The design goal of this architecture: add a shallow learnable encoder after the physics-based features so that the model can learn optimal channel weights and non-linear combinations. At the same time, based on the separability analysis, only the discriminative channels are retained (removing the useless Sobel), reducing polarization features to 6ch.


2. Design Basis: Channel Analysis

This architecture is grounded in a separability analysis of polarization channels.

2.1 Analysis Method

For scenes with clear polarization signals, the glass / non-glass separability of each channel is analyzed:

Separability = |glass_mean - nonglass_mean| / pooled_std

Higher separability means the channel is more separable between glass and non-glass.

2.2 Per-Channel Separability Ranking

RankChannelSeparabilityRating
1pol_diff_B1.14Best
2pol_diff_G1.03Good
3pol_diff_R0.77Decent
4pol_ratio_B0.39Average
5pol_ratio_G0.35Average
6pol_ratio_R0.33Average
7–12sobel_*< 0.01Useless

2.3 Per-Group Summary

GroupAvg SeparabilityConclusion
pol_diff0.98Core feature; must be retained
pol_ratio0.36Has some value; retain
sobel_x0.007Useless; remove
sobel_y0.007Useless; remove

2.4 Conclusions of the Analysis

  1. Sobel is completely useless: separability < 0.01, indistinguishable from noise.
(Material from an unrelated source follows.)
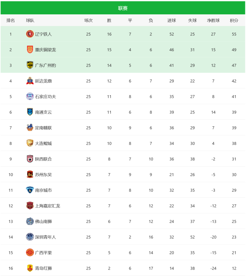 辽宁铁人结束3轮不胜,总积分提升到55分,领先第三名仍有8分优势,冲超指日可待。苏州东吴连胜被终结,目前积30分混迹中游,领先降级区9分保级压力不大。

Gradient features of glass boundaries are insufficient to distinguish glass from non-glass.
  2. pol_diff is the core: sep ~1.0, excellent glass / non-glass discriminative power.
  3. The blue channel is the strongest: B > G > R, consistent with Fresnel physics (shorter wavelengths reflect more strongly).
  4. pol_ratio has auxiliary value: sep ~0.35, not as strong as pol_diff but still contributes.

Physical interpretation:

  • pol_diff = |I∥ - I⊥|: directly measures the polarization intensity difference; Fresnel reflection on glass surfaces produces a clear difference.
  • pol_ratio = I∥/(I∥+I⊥): polarization ratio, related to the incidence angle.
  • Sobel: edge information is intended to find glass boundaries, but glass / non-glass edge gradients differ little.
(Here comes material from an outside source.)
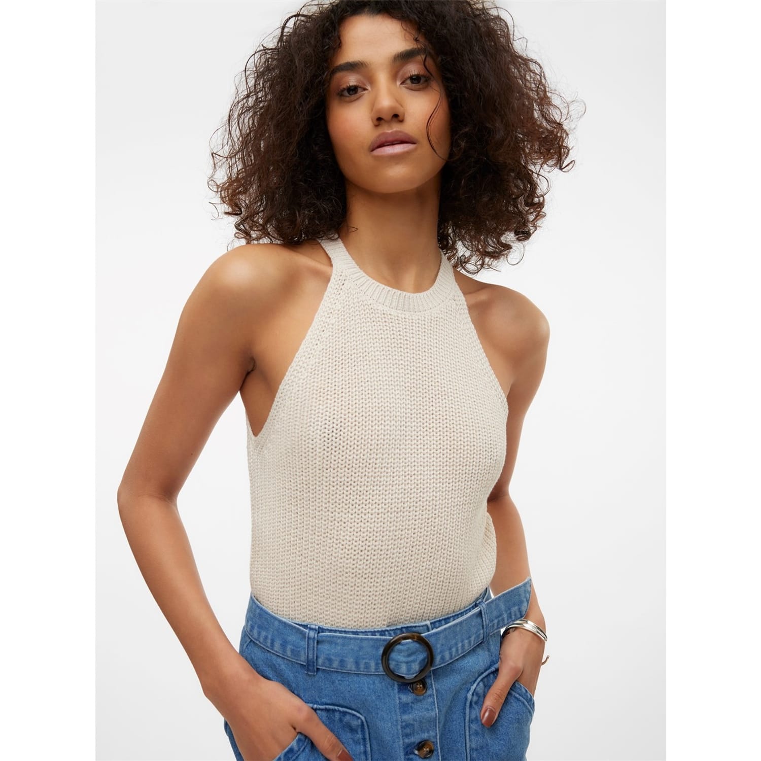 Discover the effortless elegance of Vero Moda with this sleeveless tank top. Featuring a halter neckline, this solid knit piece offers a regular fit, making it a versatile addition to your wardrobe. Perfect for those seeking a blend of style and comfort. -

Based on this analysis, the architecture reduces pol_features from 12ch to 6ch (removing the useless Sobel) and adds a learnable encoder to exploit cross-channel unequal information such as B > G > R.


3. Architecture

Architecture of the Shallow Learnable Pol Encoder

A 2-layer shallow conv encoder is inserted between the physics-based features (6ch: pol_diff 3ch + pol_ratio 3ch) and the MotionEncoder, transforming 6ch into 32ch.


4. Components and Modules

4.1 PolEncoder (shallow learnable encoder)

class PolEncoder(nn.Module):
    """Shallow learnable encoder for pol features"""
    def __init__(self, in_ch=6, hidden_ch=16, out_ch=32):
        super().__init__()
        self.conv1 = nn.Conv2d(in_ch, hidden_ch, 3, padding=1)
        self.conv2 = nn.Conv2d(hidden_ch, out_ch, 3, padding=1)

    def forward(self, x):
        x = F.relu(self.conv1(x))
        x = F.relu(self.conv2(x))
        return x

Two conv layers: 6 → 16 → 32, each followed by ReLU. About 3K parameters.

4.2 Polarization Features (6ch)

Polarization features are 6ch, retaining only the two discriminative groups (removing Sobel, whose separability is < 0.01):

  • pol_diff (3ch): |I∥ - I⊥|
  • pol_ratio (3ch): I∥ / (I∥ + I⊥ + ε)

4.3 MotionEncoder (pol branch input dimension)

Because PolEncoder expands polarization features to 32ch, the input dimension of the MotionEncoder polarization branch is 32ch.


5. Tensor Dimensions

ItemShapeDescription
pol_raw(B, 6, H/8, W/8)pol_diff(3) + pol_ratio(3)
PolEncoder conv1 output(B, 16, H/8, W/8)Conv(6→16) + ReLU
PolEncoder conv2 output(B, 32, H/8, W/8)Conv(16→32) + ReLU
MotionEncoder pol branch input(B, 32, H/8, W/8)PolEncoder output

6. Parameter Count

ComponentParameters
PolEncoder~3K
MotionEncoder pol branch (input 32ch)~17K
Total added~15K

7. Hyperparameters

HyperparameterValueDescription
PolEncoder in_ch6pol_diff(3) + pol_ratio(3)
PolEncoder hidden_ch16Number of channels in the intermediate layer
PolEncoder out_ch32Number of output channels, injected into MotionEncoder
ε1e-6Denominator stabilizer for pol_ratio

8. Design Decisions and Rationale

8.1 Adding a learnable encoder

Physics-based features have equally weighted channels and cannot learn non-linear combinations. A shallow encoder lets the model:

  1. Learn the B > G > R weighting.
  2. Learn an optimal combination of pol_diff and pol_ratio.
  3. Potentially discover more useful features through non-linear transforms.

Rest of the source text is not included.